WASHINGTON, D.C.—U.S. Senator Susan Collins, a senior member of the Appropriations Committee, authored and successfully secured an important provision that would continue to protect prescription paper inserts in the fiscal year 2019 agriculture and nutrition programs funding bill. The provision would block the Food and Drug Administration’s (FDA) proposed e-labeling rule for prescribing information, which would be acutely felt by rural Americans. The bipartisan bill was favorably reported out of committee and is now available for consideration before the full Senate.

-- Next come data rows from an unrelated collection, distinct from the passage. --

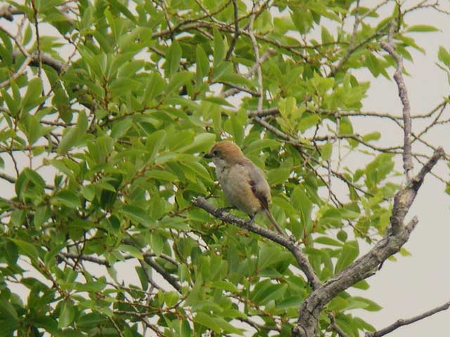羽根の色がボケたモズがいましたので幼鳥と思い撮影しようとしましたが、よく見ると、モズの♀でした。
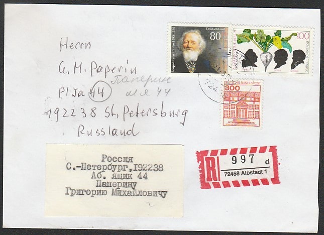 Конверт ФРГ. Историограф Леопольд фон Ранке, п/почту в 1996 году.
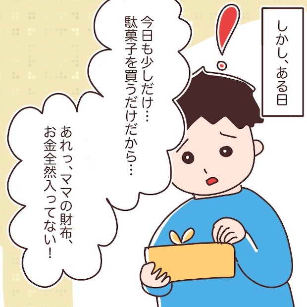 「今日も少しだけ・・。駄菓子を買うだけだから・・」そう思いながらお母さんの財布を開けるも、「あれっ、ママの財布、お金全然入ってない!」空っぽの財布を前にレン君は驚きました。
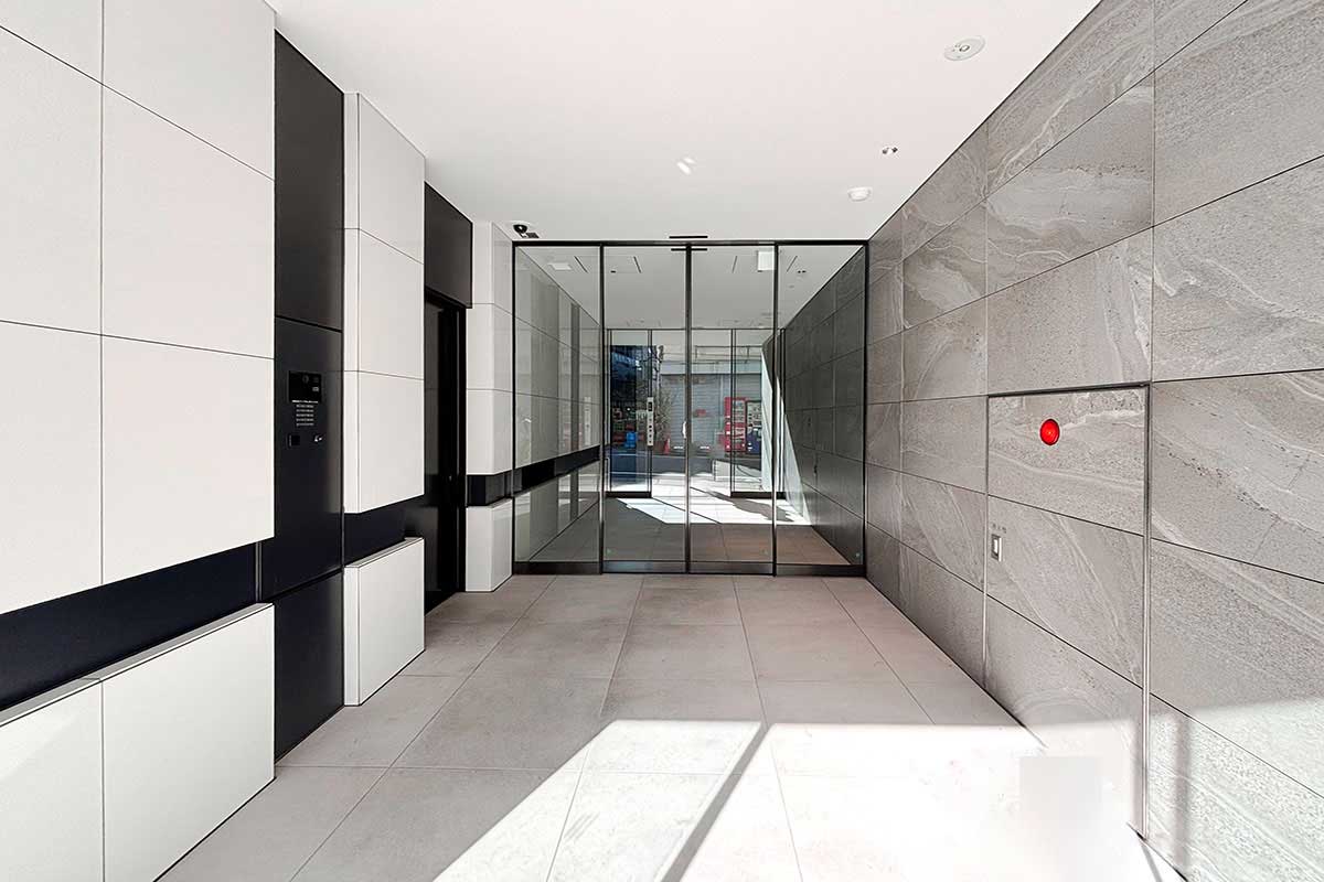 ですが!エントランスは一本通りを入った反対側にあり、だいぶ賑やかさが和らぎます。
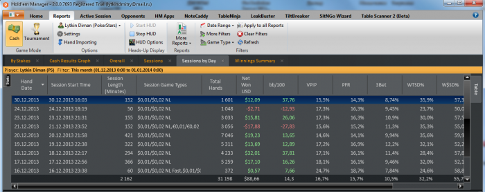 Здравствуйте всем игрокам покерного сообщества. Играю в покер почти 4 года, сначала на фантики, потом во фрироллы, затем кеш и МТТ микролимиты (до $11). Все никак не удавалось поднять свой банкролл (то проигрывал, то выводил) и вот решил с депозита в $50 начать свой путь. Меня больше интересует кеш, так как турниры для меня очень сложное занятие, не хватает терпения. Играю НЛ2 6 макс на 12-16 столах одновременно и вот мои успехи:
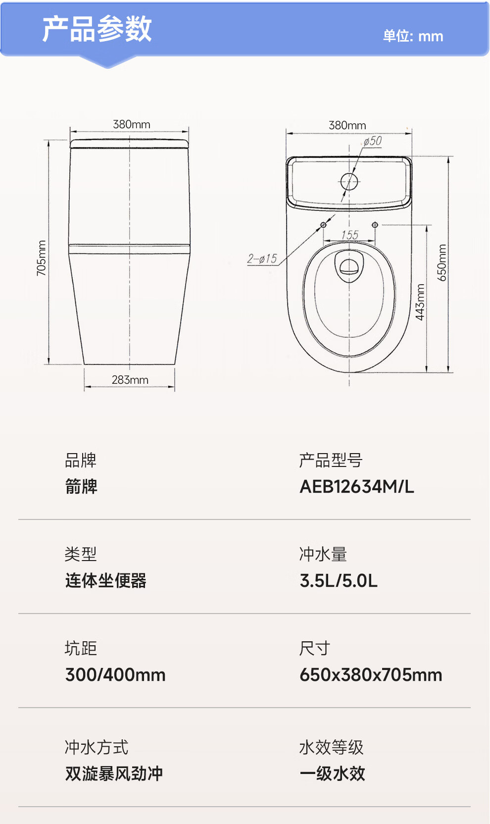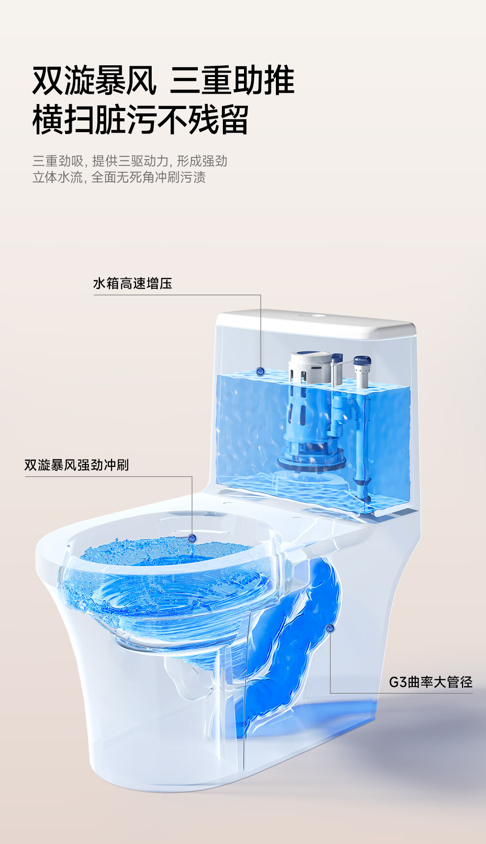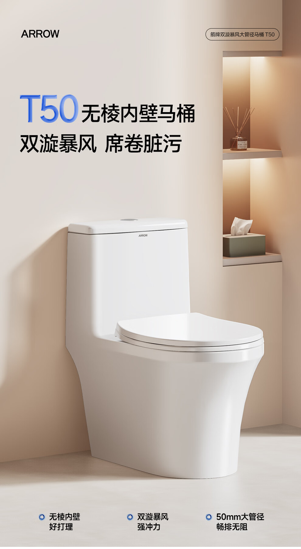 箭牌(ARROW)卫浴超大冲力喷射虹吸式加大加粗管径无棱内壁马桶缓降盖板坐便器 暴风劲冲无棱内壁大管径12634 305mm

“The FDA’s proposed rule to allow pharmaceutical companies to only distribute prescribing information electronically for physicians, pharmacists, and other health care professionals instead of using traditional paper inserts is deeply flawed. Prescription paper inserts provide critical information to pharmacists who administer life-saving drugs and to patients who are prescribed them,” said Senator Collins. “Allowing companies to only provide an electronic copy of the pharmaceutical insert would limit the accessibility of this information for both pharmacists and consumers, particularly those in rural states like Maine. In addition, this misguided rule would negatively affect seniors in particular, 90 percent of whom take at least one prescription drug in any given month.
“The FDA’s proposed rule would also have adverse consequences for Maine’s forest products industry. The Twin Rivers paper mill in Madawaska, for instance, has long been successful in producing pharmaceutical information inserts.”
“I am pleased that the Appropriations Committee has once again advanced this important bipartisan provision to block the FDA’s proposed rule, and I will strongly urge my colleagues on both sides of the aisle to support it when the bill comes before the full Senate for a vote.”
Senator Collins secured similar provisions in the fiscal year 2016 omnibus bill as well as the fiscal years 2017 and 2018 agriculture funding bills. In December 2014, Senator Collins sent a letter to FDA Commissioner Dr. Margaret Hamburg, urging her to withdraw the proposed rule.